Wavelet threshold functions

The threshold function is used to reduce the noise in a signal by acting on the details wavelet coefficients. According to the selected threshold function, these coefficients are shrunk or scaled. There are several types of threshold estimators. We can first distinguish the hard thresholding and soft thresholding proposed by Donoho and Johnstone [3, 4]. The other threshold functions are derived from the mainly soft thresholding. In this study, the following threshold techniques are tested on the algorithm.
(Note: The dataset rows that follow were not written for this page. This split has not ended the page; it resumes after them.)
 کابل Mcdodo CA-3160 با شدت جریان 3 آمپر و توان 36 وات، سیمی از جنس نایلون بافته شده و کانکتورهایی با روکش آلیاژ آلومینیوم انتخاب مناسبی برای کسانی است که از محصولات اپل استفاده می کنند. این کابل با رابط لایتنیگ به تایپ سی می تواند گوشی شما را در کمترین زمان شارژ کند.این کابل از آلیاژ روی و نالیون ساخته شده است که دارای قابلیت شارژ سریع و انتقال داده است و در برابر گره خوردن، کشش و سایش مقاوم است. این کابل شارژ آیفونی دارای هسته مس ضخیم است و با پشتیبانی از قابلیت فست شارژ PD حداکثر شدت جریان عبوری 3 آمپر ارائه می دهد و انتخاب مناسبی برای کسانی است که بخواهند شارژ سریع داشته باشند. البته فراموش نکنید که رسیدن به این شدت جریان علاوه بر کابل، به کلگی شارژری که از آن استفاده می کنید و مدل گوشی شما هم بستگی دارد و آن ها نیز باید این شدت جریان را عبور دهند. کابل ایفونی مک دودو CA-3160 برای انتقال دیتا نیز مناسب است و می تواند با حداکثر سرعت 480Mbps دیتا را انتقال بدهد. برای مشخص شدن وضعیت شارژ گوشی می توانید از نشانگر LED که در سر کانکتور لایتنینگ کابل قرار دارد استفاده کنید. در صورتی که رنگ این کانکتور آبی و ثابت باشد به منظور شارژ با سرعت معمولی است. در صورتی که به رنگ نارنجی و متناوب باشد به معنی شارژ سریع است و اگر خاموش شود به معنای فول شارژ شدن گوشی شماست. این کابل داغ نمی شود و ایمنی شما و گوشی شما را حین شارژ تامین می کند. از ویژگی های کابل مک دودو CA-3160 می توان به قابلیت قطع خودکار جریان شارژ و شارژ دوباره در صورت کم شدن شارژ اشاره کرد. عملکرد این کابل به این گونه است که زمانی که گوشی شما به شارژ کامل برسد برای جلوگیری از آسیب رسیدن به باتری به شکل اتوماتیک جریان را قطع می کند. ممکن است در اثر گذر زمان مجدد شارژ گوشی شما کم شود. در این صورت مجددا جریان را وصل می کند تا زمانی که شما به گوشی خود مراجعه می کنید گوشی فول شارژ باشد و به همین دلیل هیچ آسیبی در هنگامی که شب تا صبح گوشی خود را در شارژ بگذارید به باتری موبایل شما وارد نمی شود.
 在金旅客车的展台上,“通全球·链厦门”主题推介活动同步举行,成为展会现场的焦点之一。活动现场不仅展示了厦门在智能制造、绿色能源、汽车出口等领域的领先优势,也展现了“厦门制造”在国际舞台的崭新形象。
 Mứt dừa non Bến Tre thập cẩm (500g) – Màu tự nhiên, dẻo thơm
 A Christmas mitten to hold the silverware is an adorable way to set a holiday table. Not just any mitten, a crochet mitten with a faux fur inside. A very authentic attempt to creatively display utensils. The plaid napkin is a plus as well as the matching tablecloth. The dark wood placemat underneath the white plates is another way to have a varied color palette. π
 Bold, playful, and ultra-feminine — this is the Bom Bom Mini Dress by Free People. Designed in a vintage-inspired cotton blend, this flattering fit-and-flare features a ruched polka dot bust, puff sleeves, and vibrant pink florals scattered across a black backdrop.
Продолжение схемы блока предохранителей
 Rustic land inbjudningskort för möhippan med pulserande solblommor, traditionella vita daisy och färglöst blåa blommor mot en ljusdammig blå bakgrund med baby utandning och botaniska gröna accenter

Their performances are illustrated in Fig. 1. Their formulas are expressed as follows:

Fig. 1
figure 1

Threshold response applied to linear test signal (a) using the functions: b hard, c soft, d semi-soft, e non-negative garrote and f hyperbolic

  • Hard thresholding.

    $$R = \left\{ {\begin{array}{*{20}l} {s,} \quad {\left| s \right| \ge Th} \\ {0,} \quad {\left| s \right| Th} \\ \end{array} \begin{array}{*{20}l} { } \\ { } \\ \end{array} } \right.$$
  • Soft thresholding

    $$R = \left\{ {\begin{array}{*{20}l} {sign(s)(\left| s \right| - Th),} & \quad {\left| s \right| \ge Th} \\ {0,} & \quad {\left| s \right| < Th} \\ \end{array} \begin{array}{*{20}l} { } \\ { } \\ \end{array} } \right.$$
  • Semi-soft thresholding (S–S)

    $$R = \left\{ {\begin{array}{*{20}l} { } \\ {\begin{array}{*{20}l} {s,} & \quad {\left| s \right| < Th_{2} } \\ {sign(s)\frac{{\left( {s - Th_{1} } \right)*Th_{2} }}{{Th_{2} - Th_{1} }},} & \quad {Th_{2} < \left| s \right| \le Th_{1} } \\ {0,} & \quad {\left| s \right| < Th_{1} } \\ \end{array} } \\ { } \\ \end{array} } \right.$$
  • Non-negative Garrote thresholding (N-NG)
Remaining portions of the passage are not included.